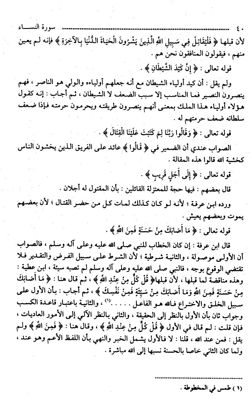 قال ابن عرفة: إن كان الخطاب للنبي صلى الله عليه وعلى آله وسلم، فالصواب أن الأولى موصولة، والثانية شرطية؛ لأن الشرط على سبيل الفرض والتقدير فلا تقتضي الوقوع بوجه، فالنبي صلى الله عليه وعلى آله وسلم لم تصبه سيئة، ابن عطية: وهذه مناقضة لما قبلها، لأن قبلها (قُلْ كُلٌّ مِنْ عِنْدِ اللَّهِ)، ثم قال هنا: (مَا أَصَابَكَ مِنْ حَسَنَةٍ فَمِنَ اللَّهِ وَمَا أَصَابَكَ مِنْ سَيِّئَةٍ فَمِنْ نَفْسِكَ)، ثم أجاب: بأن الأول على سبيل الخلق والاختراع فالله هو الفاعل [ ... ]، والثانية باعتبار قاعدة الكسب وجواب ثان بأن الأول بالنظر إلى الحقيقة، والثاني بالنظر الألي إلى الأمور العاديات، فإن قلت: لم قال في الأول (قُلْ كُلٌّ مِنْ عِنْدِ اللَّهِ)، وقال هنا: (فَمِنَ اللَّهِ) ولم يقل: فمن عند الله، قلنا: لَا فالأول يشمل الخبر والنهي بأن اللفظ الأعم وهو عند، ولما كان الثاني خاصا بالحسنة نسبها إلى الله مباشرة.
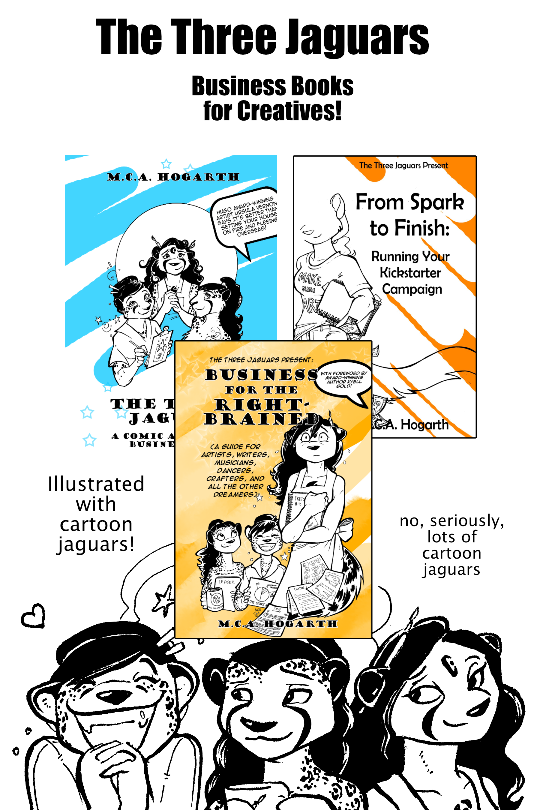 These books are not only very approachable, thanks to a profusion of cartoon jaguars, but also insightful, written from the point of view of someone who Gets It as an Artist. You won't find many hard numbers here-- but plenty of methodology, thoughts into why something might or might not work for you as an artist, and clarity into how to develop and shape a business from the ground up. If you've been thinking about dipping your toes into commissions, convention or mail sales, running a Kickstarter, this is a great investment.
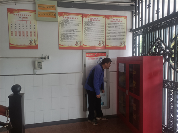 加大排查力度,防患于未然。11月22日,吴继荣副校长、总务处高仁青主任等进行水电消防安全大检查。宿舍、食堂、图书馆、门卫、办公室、实验室、功能室、会议室、车蓬,教学楼等;灭火器、消防水带、消防栓、灭火毯、微型消防站等。对学校内部消防安全环境再次做拉网式隐患彻查,加强封闭管理,禁止社会闲杂人员进入校园,严禁易燃易爆物品进入校园。加强用电管理,严禁表外用电和超负荷用电,严禁私自接线和改装用电设备。深入细致地开展了一次消防安全大检查,进一步完善了学校安全工作体系,不断加强学校安全防范意识和各项安全防范措施,进一步消除学校内部各种设施的安全隐患,确保广大师生的生命安全。通过此次大检查,让广大师生真正认识到走进消防,了解消防,人人参与消防工作的重要性,时刻牢记“消防安全、警钟长鸣”。
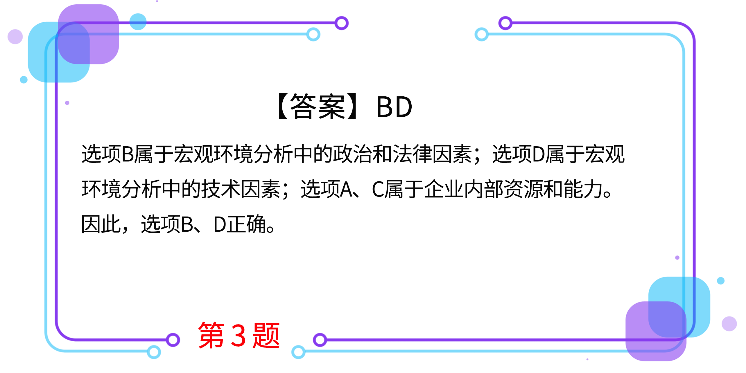 3.甲公司為國內(nèi)上市的電信公司。甲公司正在研究收購某發(fā)展中國家的乙移動通信公司。下列各項因素中,屬于甲公司在PEST分析中應(yīng)當考慮的有( )。

===

WORK TASK » Without including any picture, write out the material above verbatim.

RESPONSE TO THE TASK »
 قال ابن عرفة: إن كان الخطاب للنبي صلى الله عليه وعلى آله وسلم، فالصواب أن الأولى موصولة، والثانية شرطية؛ لأن الشرط على سبيل الفرض والتقدير فلا تقتضي الوقوع بوجه، فالنبي صلى الله عليه وعلى آله وسلم لم تصبه سيئة، ابن عطية: وهذه مناقضة لما قبلها، لأن قبلها (قُلْ كُلٌّ مِنْ عِنْدِ اللَّهِ)، ثم قال هنا: (مَا أَصَابَكَ مِنْ حَسَنَةٍ فَمِنَ اللَّهِ وَمَا أَصَابَكَ مِنْ سَيِّئَةٍ فَمِنْ نَفْسِكَ)، ثم أجاب: بأن الأول على سبيل الخلق والاختراع فالله هو الفاعل [ ... ]، والثانية باعتبار قاعدة الكسب وجواب ثان بأن الأول بالنظر إلى الحقيقة، والثاني بالنظر الألي إلى الأمور العاديات، فإن قلت: لم قال في الأول (قُلْ كُلٌّ مِنْ عِنْدِ اللَّهِ)، وقال هنا: (فَمِنَ اللَّهِ) ولم يقل: فمن عند الله، قلنا: لَا فالأول يشمل الخبر والنهي بأن اللفظ الأعم وهو عند، ولما كان الثاني خاصا بالحسنة نسبها إلى الله مباشرة.
 These books are not only very approachable, thanks to a profusion of cartoon jaguars, but also insightful, written from the point of view of someone who Gets It as an Artist. You won't find many hard numbers here-- but plenty of methodology, thoughts into why something might or might not work for you as an artist, and clarity into how to develop and shape a business from the ground up. If you've been thinking about dipping your toes into commissions, convention or mail sales, running a Kickstarter, this is a great investment.
 加大排查力度,防患于未然。11月22日,吴继荣副校长、总务处高仁青主任等进行水电消防安全大检查。宿舍、食堂、图书馆、门卫、办公室、实验室、功能室、会议室、车蓬,教学楼等;灭火器、消防水带、消防栓、灭火毯、微型消防站等。对学校内部消防安全环境再次做拉网式隐患彻查,加强封闭管理,禁止社会闲杂人员进入校园,严禁易燃易爆物品进入校园。加强用电管理,严禁表外用电和超负荷用电,严禁私自接线和改装用电设备。深入细致地开展了一次消防安全大检查,进一步完善了学校安全工作体系,不断加强学校安全防范意识和各项安全防范措施,进一步消除学校内部各种设施的安全隐患,确保广大师生的生命安全。通过此次大检查,让广大师生真正认识到走进消防,了解消防,人人参与消防工作的重要性,时刻牢记“消防安全、警钟长鸣”。
 3.甲公司為國內(nèi)上市的電信公司。甲公司正在研究收購某發(fā)展中國家的乙移動通信公司。下列各項因素中,屬于甲公司在PEST分析中應(yīng)當考慮的有( )。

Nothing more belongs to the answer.